Input records:
=== Begin Enclosure ===
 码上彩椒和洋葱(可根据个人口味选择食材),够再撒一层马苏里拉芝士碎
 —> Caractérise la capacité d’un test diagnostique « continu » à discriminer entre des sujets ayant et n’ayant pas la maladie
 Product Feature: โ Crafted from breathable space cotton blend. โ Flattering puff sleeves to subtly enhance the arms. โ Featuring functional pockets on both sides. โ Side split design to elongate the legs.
=== End Enclosure ===
=== Begin Enclosure ===
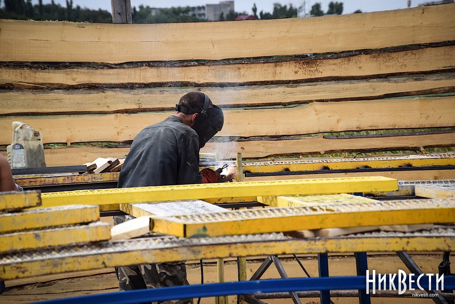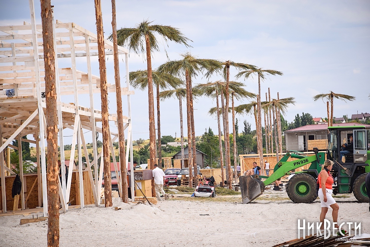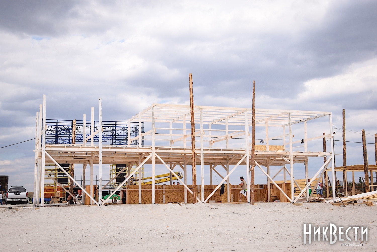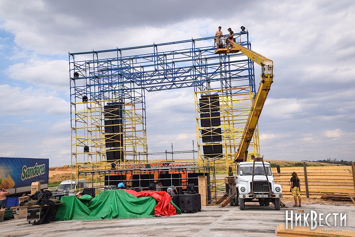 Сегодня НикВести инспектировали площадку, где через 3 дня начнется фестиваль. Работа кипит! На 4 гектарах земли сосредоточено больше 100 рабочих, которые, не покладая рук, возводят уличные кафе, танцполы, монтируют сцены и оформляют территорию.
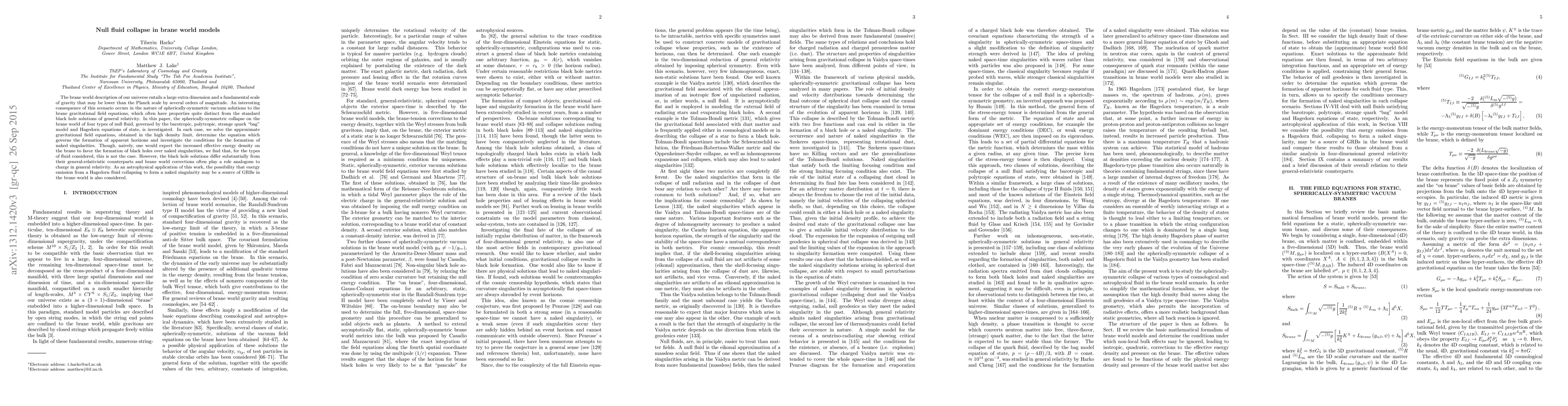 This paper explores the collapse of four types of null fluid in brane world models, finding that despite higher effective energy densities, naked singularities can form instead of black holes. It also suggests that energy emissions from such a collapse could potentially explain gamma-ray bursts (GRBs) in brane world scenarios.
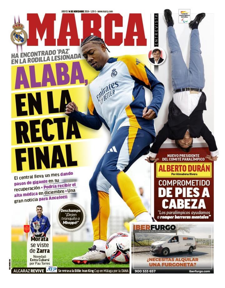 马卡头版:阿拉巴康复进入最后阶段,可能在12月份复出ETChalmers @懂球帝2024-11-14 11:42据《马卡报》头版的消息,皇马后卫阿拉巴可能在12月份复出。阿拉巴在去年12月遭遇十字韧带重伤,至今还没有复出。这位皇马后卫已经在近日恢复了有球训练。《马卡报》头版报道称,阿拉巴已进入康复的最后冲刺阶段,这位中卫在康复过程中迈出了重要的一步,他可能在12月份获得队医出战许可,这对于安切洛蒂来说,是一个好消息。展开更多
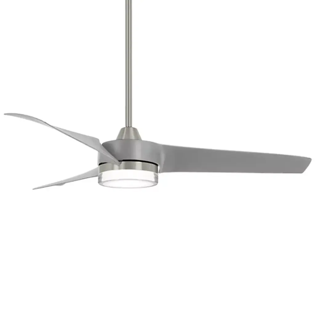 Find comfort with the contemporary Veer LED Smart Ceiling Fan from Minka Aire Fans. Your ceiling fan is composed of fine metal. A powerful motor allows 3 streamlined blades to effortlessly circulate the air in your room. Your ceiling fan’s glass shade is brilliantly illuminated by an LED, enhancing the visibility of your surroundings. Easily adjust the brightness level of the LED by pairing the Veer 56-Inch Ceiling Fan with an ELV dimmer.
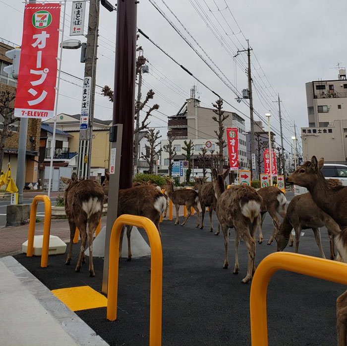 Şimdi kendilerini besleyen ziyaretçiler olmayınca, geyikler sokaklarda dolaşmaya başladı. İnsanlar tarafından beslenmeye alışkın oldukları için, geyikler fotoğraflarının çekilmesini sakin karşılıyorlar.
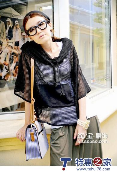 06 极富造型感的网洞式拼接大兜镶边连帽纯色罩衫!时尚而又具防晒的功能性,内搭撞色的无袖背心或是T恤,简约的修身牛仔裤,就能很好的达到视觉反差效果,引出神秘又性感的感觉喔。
=== End Enclosure ===
Work instruction:
Starting at the line that has "码上彩椒和洋葱(可根据个人口味选择食材),够再撒一层马苏里拉芝士碎" and ending at the line that has "Product Feature: โ", please write out the lines above exactly, leaving out all others.

Task answer:
 码上彩椒和洋葱(可根据个人口味选择食材),够再撒一层马苏里拉芝士碎
 —> Caractérise la capacité d’un test diagnostique « continu » à discriminer entre des sujets ayant et n’ayant pas la maladie
 Product Feature: โ Crafted from breathable space cotton blend. โ Flattering puff sleeves to subtly enhance the arms. โ Featuring functional pockets on both sides. โ Side split design to elongate the legs.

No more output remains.